New HIV vaccine ‘based on Moderna’s COVID jab’ shows huge promise after first human trials

A scan showning HIV-1 virions as green round bumps budding from the surface of a cultured lymphocyte cell. Collection/Gado/Getty Images)

A new vaccine has shown huge promise in the fight against HIV with the treatment successfully stimulating the production of antibodies in human trials.

The novel vaccine stimulated the production of rare immune cells needed to generate antibodies against HIV in 97 per cent of participants in phase one of human trials. This makes it reportedly the most effective HIV vaccine to date.

IAVI and Scripps Research, who are developing the vaccine, reported that HIV researchers have pursued the “holy grail of stimulating the immune system” to “create rare but powerful antibodies that can neutralise diverse strains of HIV”.

Dr William Schief, a professor and immunologist at Scripps Research and executive director of vaccine design at IAVI’s Neutralizing Antibody Center, whose laboratory developed the vaccine, said the vaccine is targeted to set off the stimulation of naïve B cells. These cells elicit the production of a variety of neutralising antibodies (bnAbs).

Schief explained: “We and others postulated many years ago that in order to induce bnAbs, you must start the process by triggering the right B cells – cells that have special properties giving them the potential to develop into bnAb-secreting cells.

“In this trial, the targeted cells were only about one in a million of all naïve B cells. To get the right antibody response, we first need to prime the right B cells.

“The data from this trial affirms the ability of the vaccine immunogen to do this.”

He said the study “demonstrates proof of principle for a new vaccine concept for HIV”, and the concept developed in the study “could be applied to other pathogens” like influenza, dengue, Zika, hepatitis C viruses and malaria.
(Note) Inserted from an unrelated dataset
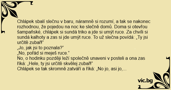 Chlápek sbalí slečnu v baru, náramně si rozumí, a tak se nakonec rozhodnou, že pojedou na noc ke slečně domů. Doma si otevřou šampaňské, chlápek si sundá triko a jde si umýt ruce. Za chvíli si sundá kalhoty a zas si jde umýt ruce. To už slečna povídá: „Ty jsi určitě zubař!”

Dr Julie McElrath, one of the lead investigators in the trial and senior vice president and director of Fred Hutch’s Vaccine and Infectious Disease Division, said the trial was “a landmark study in the HIV vaccine field”. She added the novel vaccine and trial “provide a roadmap to accelerate further progress toward an HIV vaccine”.

Approximately 38 million people globally were living with HIV in 2019, according to UNAIDS. The charity said 75.7 million people have been infected with HIV since the start of the epidemic in the 80s, with almost 1.7 million people becoming newly infected with the virus in 2019.

Dr Ayoade Alakija, the co-chair of the Africa Union Africa Vaccine Delivery Alliance for COVID-19, celebrated the promising new HIV vaccine on Twitter. She wrote: “This is the most effective trial HIV vaccine to date.

“It is based on the Moderna’s COVID vaccine. COVID tech acceleration could change Rx for cancer & HIV in future.”

IAVI and Scripps Research said they are partnering with Moderna to develop and test an mRNA-based vaccine that harnesses the approach to produce the same beneficial immune cells. The organisations said using the technology could significantly accelerate the pace of HIV vaccine development.